Medically Assisted Dying

A patient with terminal illness or severe chronic condition may seek to end their life in order to prevent pain and suffering, due to loss of autonomy, or for similar reasons. While certain terms and methods are often considered to be the same, there are deep distinctions between them. A provider-assisted death typically involves a provider providing a written prescription for a lethal dose of medication for the patient to administer themselves to end their life. This practice is designed for patients with terminal illnesses who are experiencing unbearable suffering, allowing them to control the timing and manner of their death. Currently, provider-assisted death is legally permitted in several U.S. states and jurisdictions, including California, Colorado, Hawaii, Maine, Montana, New Jersey, New Mexico, Oregon, Vermont, Washington State, and Washington, DC. In contrast, euthanasia involves an act by a separate individual to cause death (e.g., directly administering the medication); it is illegal throughout the United States. A nurse is ethically prohibited from administering medical aid in dying, but they must be informed and comfortable supporting patients and families in end-of-life situations.
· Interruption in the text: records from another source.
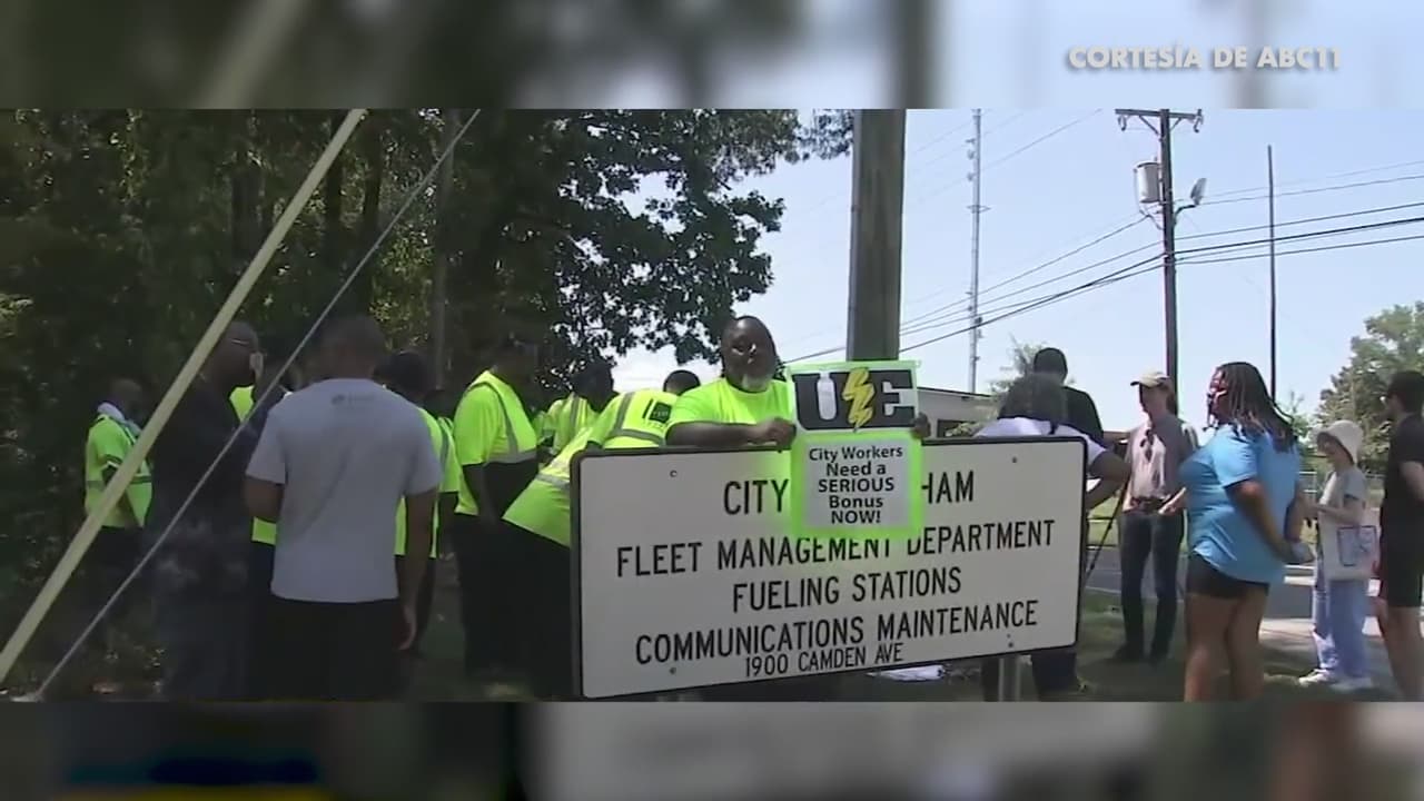 Por segundo día consecutivo, los trabajadores sanitarios de Durham se retiraron y optaron por no salir a sus rutas de recolección de basura el jueves. Los contenedores de basura se alinean en las calles del centro de Durham, esperando ser recogidos por los empleados de saneamiento de la ciudad.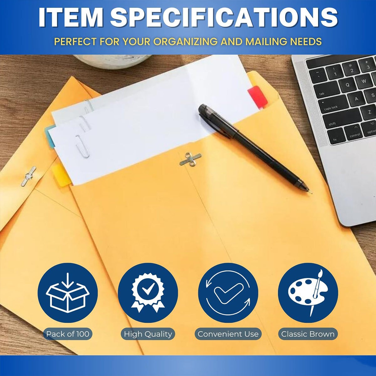 100pcs Kraft Envelopes 6x9in with Metal Clasp for Gift and Document Use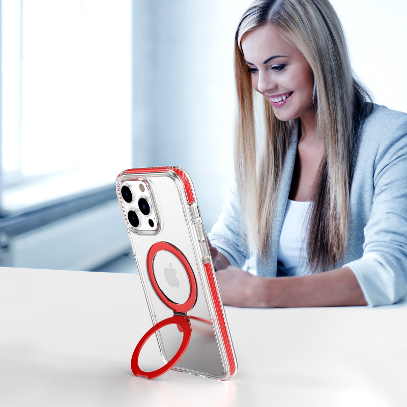 Featuring an attractive clear design and a potent +AttachMe ring, this case effortlessly attaches to MagSafe chargers and mounts, ensuring a seamless and efficient charging experience for your valued customers.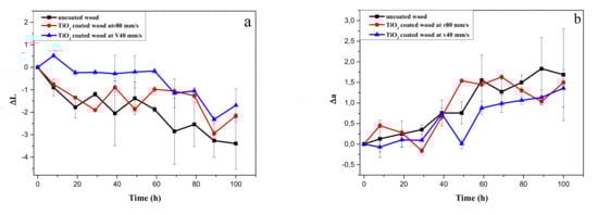 As shown in Figure 8a, the ΔL* value of both uncoated wood and TiO2-coated wood decreased and became negative with increasing irradiation time, indicating that the surfaces of almost all the wood specimens became darker during the UV irradiation process. However, the ΔL* value of the TiO2-coated specimen at deposition velocity (v = 40 mm/s) decreased from 0 to –2 while that of the uncoated wood decreased from 0 to −3.5. The ΔL* value of the TiO2-coated specimen at deposition velocity (v = 80 mm/s) was not much different from that of the uncoated specimen. Generally, the ΔL* value of all TiO2-coated specimens was smaller than that of the untreated specimens.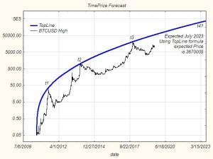 A careful observer has probably noticed that the coefficient for time is lower when calculating Tops instead of Bottoms (0.337 instead of 0.352) and there is an easy explanation for this: as long as bitcoin market cap grows in size there is more inertia and it is more difficult to manipulate the price far away from the bottom line, therefore I expect with the passage of time to have the next important Tops closer and closer to the reference line or bottom line or if you prefer the “Fair Price Line”, call it as you want.

The choice to pursue medically assisted dying generates a spectrum of emotions and ethical dilemmas. It offers a way for individuals to avoid prolonged suffering and assert control over their end-of-life experience. With patients legally having autonomy to control all other end-of-life decisions, it is reasonable to ask why the decision to choose medically assisted dying should be any different. However, it also conflicts with traditional medical ethics, as health-care providers are trained to preserve life rather than end it. This creates a challenging dynamic for health-care providers, who must balance their professional duties with personal beliefs about the morality of ending life. It is crucial for healthcare professionals to conduct self-assessments, maintain professional objectivity, and respect patients' autonomy and decisions, whatever their personal views.

Real RN Stories

Nurse: Laura, RN
Years in Practice: Fifteen
Clinical Setting: Home care
Geographic Location: Georgia

I had been caring for Mr. Hampton when he experienced a significant decline in kidney function. Mr. Hampton’s provider informed him that he needed to begin dialysis treatment to maintain his quality of life. However, Mr. Hampton, being 75 years of age, felt he had lived a good life and did not want to pursue dialysis.

During one of my home care visits, Mr. Hampton shared the details of his last office visit with his provider and the provider’s recommendations to begin dialysis. I had been caring for Mr. Hampton for quite some time and had developed a trusting, nurturing relationship with him. I listened empathetically to Mr. Hampton, presenting a professional, nonjudgmental demeanor, as he explained that he had chosen not to pursue dialysis.

Mr. Hampton lived with his daughter after losing much of his mobility, but his cognitive abilities remained intact. I knew that without dialysis, Mr. Hampton’s physical condition and sharp cognition would deteriorate in a short amount of time. While I respected Mr. Hampton’s decision, I knew I needed to inform Mr. Hampton and his daughter about what to expect moving forward to ensure that a well-informed decision was being made.

I proceeded to help Mr. Hampton and his daughter with additional end-of-life care decisions, including completing an advance directive and durable power of attorney, to ensure that Mr. Hampton’s needs and desires would be carried out. I assisted them with their admission to hospice care. I remained attentive to their needs, provided emotional support, and continued to coordinate Mr. Hampton’s care until his passing. For several weeks afterward, my agency remained in contact with Mr. Hampton’s daughter to ensure she received emotional support as she transitioned through the bereavement process. The importance of end-of-life care was personified as Mr. Hampton passed with his dignity intact, and his daughter was emotionally supported throughout the entire process.